Twenty years ago, Wallace's impassioned, informed testimony about the impact on public health played a pivotal role in moving state lawmakers to pass the Clean Smokestacks Act.
"Building effective coalitions is key to making progress. You will be working with people who don’t agree with you on everything – if they did, they would be part of your organization," he said recently.
Another still-relevant lesson is the importance of how an issue is explained to the public, Wallace said: It's critical to express urgency, but not at the expense of hope - to "help people understand that working [to solve] climate change is really good for all of us."
"In the environmental community, for far too long we’ve approached communications in a way that seems reasonable to us – focusing on the urgency of the issue, how little time we have, and how dreadful the effects of climate change will be," he said. "What ended up happening was that our messaging was psychologically putting people off. People believed there was nothing they could do, and people quit thinking about it.”
It's equally important to listen to how the public responds to us and understand their concerns, especially when they seem resistant to a position environmentalists think is unambiguous.
"If we don’t listen to them, they won’t listen to us," Wallace said. "If we listen and focus on the values we have in common - protecting the seashore, preserving the ecosystems they rely on for fishing, hunting, or outdoor recreation - people will stop seeing us as enemies but as people struggling with something that is important to them as well.”

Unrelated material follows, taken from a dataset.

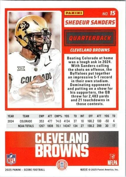 This is a nice example of a 2025 Score #15 Shedeur Sanders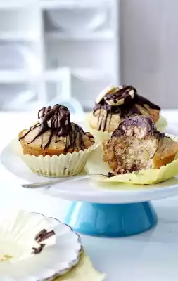 Roughly chop the chocolate and melt over a warm water bath. Cut 12 slices (approx. 1/2 cm thick) from the banana. Place 1 slice of banana on each muffin. Add chocolate with a spoon.

Our commemoration of the Clean Smokestacks Act's 20th anniversary isn't about patting ourselves on the back. It's about remembering how we as environmentalists overcame skeptics, industry opposition, political bias and other obstacles to do what was right for our communities.
And it's about drawing on those memories and lessons to address today's most pressing issue - climate change - in a way that includes and empowers all North Carolinians, especially those whose homes and lives are being harmed by it right now.
"We can solve this problem; we know what has to be done," Wallace said. "The solutions are out there."